Packages are included in a curated-cran source by uploading a requirements.txt definition with rspm update. This section explains how a requirements file is defined and also discusses how to use a requirements file to include packages in a curated-cran source.

Requirements Files#

The requirements.txt format that Package Manager looks at is defined as:

Curated CRAN Requirements Format
[package name] [optionally: version constraints] [[optionally: extras]]

The extras block allows you to specify which types of related packages should be included along with the package itself.

The extras block is additive to the --include flag that the source was created with.
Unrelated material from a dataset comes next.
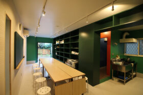 昔ながらのキッチンです。木漏れ日の中で料理ができますよ。
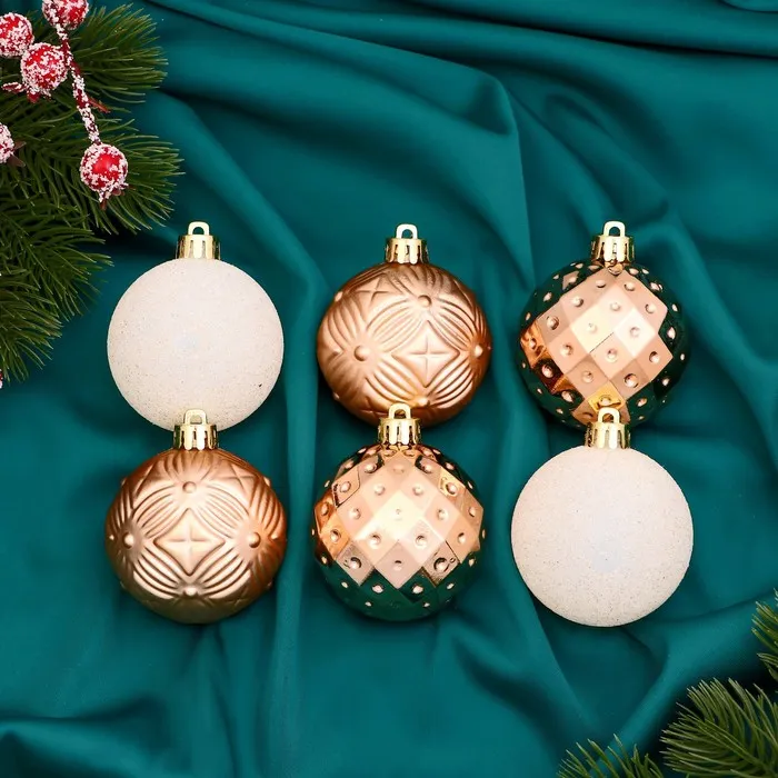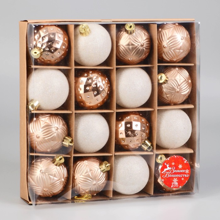 Ёлочные игрушки «Изабель», шары новогодние, набор 16 шт., d=6 см, геометрия, золотистый — Характеристики

See the section on source-level included packages to learn more.

The following values are valid for the extras block:

  • depends
  • imports
  • linking-to
  • suggests
  • all

Suggested dependency inclusions

Suggested dependencies, when included, are included only at a single level, not recursively; all other types are included recursively.

As an example, a requirements.txt file could look like:

requirements.txt
A3 >= 0.9.2 [all]
ggplot2 == 3.4.4
plumber [suggests]

-r requirements2.txt

This fetches and installs:

  • A3 with versions greater than or equal to 0.9.2 along with all related packages
  • Only ggplot2 version 3.4.4
  • All available versions of plumber along with suggested packages.
  • All packages from requirements2.txt.

Filtering by version is not supported for:

  • Curated CRAN sources created prior to Package Manager version 2024.04
  • Sources created using the --strict flag

By default, the depends, imports, and linking-to dependencies for each package are included. The default types of related packages to include can be configured per source.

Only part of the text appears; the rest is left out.